Shafaq News- Baghdad

Iraq's Council of Representatives has failed to advance the third amendment to Law No. 20 of 2009, the Law on Compensation of Victims of War Operations, Military Mistakes, and Terrorist Operations, leaving thousands of eligible families without full legal recognition.

The Coordination Committee of Martyrs' Families has issued a 30-day ultimatum to parliament, warning of civil protests and demonstrations if the legislative process is not completed within the deadline.

Roots of the Crisis

The dispute traces to mid-2023, when some individuals were removed from the beneficiary registry of the Martyrs Foundation —the Iraqi state institution responsible for formally recognizing and administering benefits for security personnel and civilians killed in military operations, terrorist attacks, or military errors, a status the Iraqi state designates as martyrdom and which carries legally defined pension and compensation entitlements under Law No. 20 of 2009— without legal justification, according to Abu Ishaq, spokesman for the Coordination Committee of Martyrs' Families.

Those removed were members of Iraq's security forces across various formations who died in active service, Abu Ishaq said.

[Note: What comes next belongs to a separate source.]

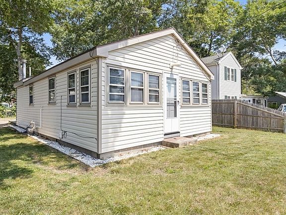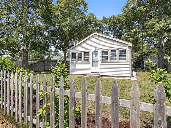 Whether you're embarking on your first home purchase or considering downsizing, this cozy bungalow presents an excellent opportunity. Step inside to discover the living room with new vinyl plank flooring and the unique wood ceiling. The galley style kitchen is equipped with granite countertops, hardwood floors and beamed ceiling. The primary bedroom offers a spacious walk-in closet with new vinyl plank floors. The secondary bedroom located off the living room has hardwood flooring. The full bathroom has been recently updated, featuring a tiled shower and floor for easy cleaning. Additional highlights include a lofted space for storage, ideal for organizing belongings, a new bulkhead into the basement, and mudroom area for coats. The fenced-in yard provides privacy and security for pets complemented by a composite deck and new shed featuring electricity, perfect for a workshop or additional storage. Close to major highways, White Island Pond and Onset Beach!

Their removal from the foundation's database left their families without the formal state recognition that triggers pension payments and other entitlements under the law.

"Our demands began gradually, then became a formal legislative amendment aimed at reinstating the removed individuals and securing their rights," he told Shafaq News.

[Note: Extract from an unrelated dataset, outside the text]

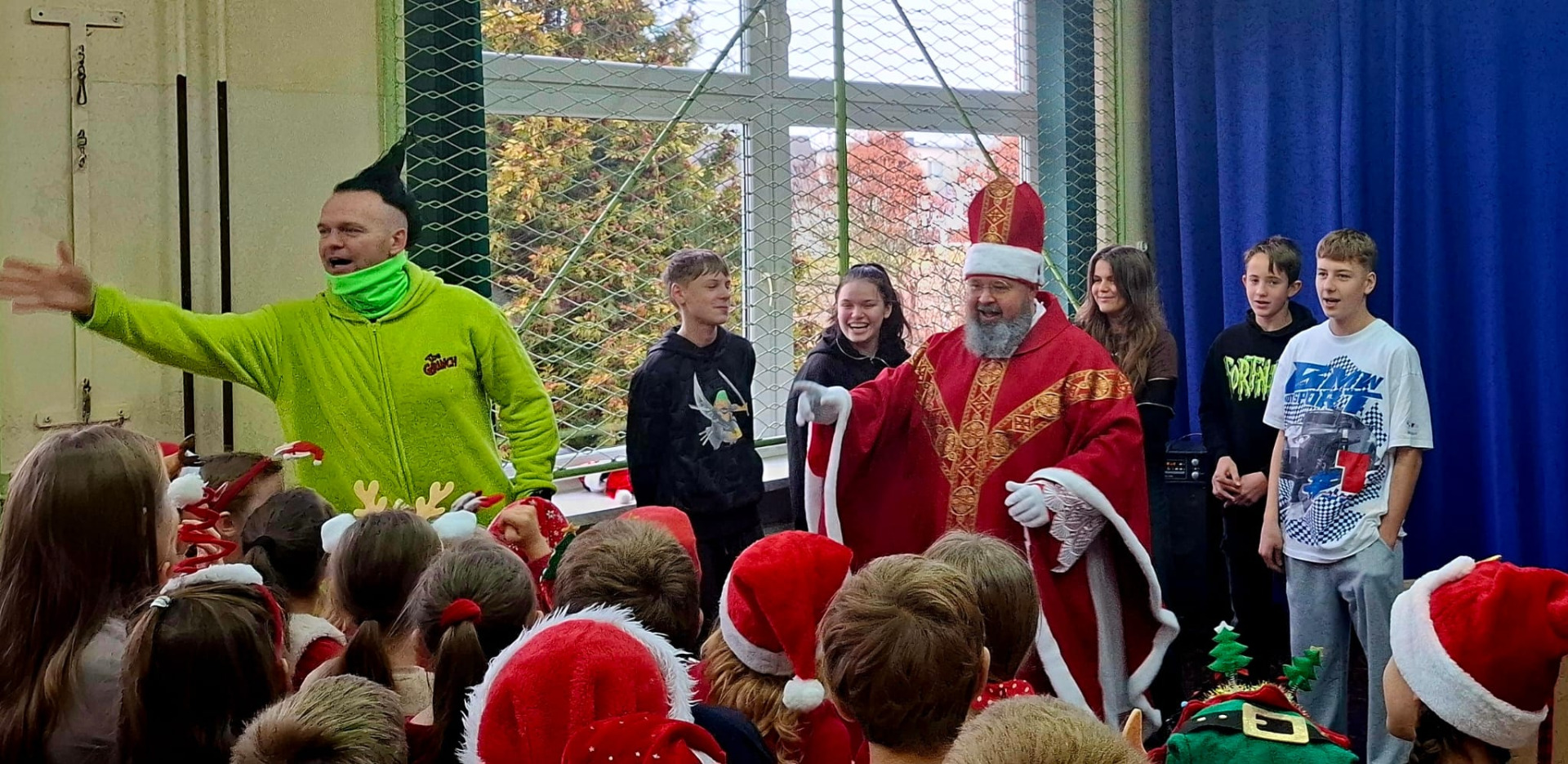 5 grudnia w naszej szkole panowała niezwykła atmosfera – odwiedził nas sam Święty Mikołaj, a wraz z nim jego pomocnicy oraz Grinch, który wywołał wiele uśmiechów.

A Stalled Legislative Path

The third amendment to Law No. 20 of 2009 —a law that has been amended twice previously, in 2016 and 2020, and applies retroactively to events from March 20, 2003, the date of the US-led invasion that toppled Saddam Hussein's government— reached its first reading in Iraq's Council of Representatives during the fifth legislative term. It was deferred when elections for the sixth term intervened.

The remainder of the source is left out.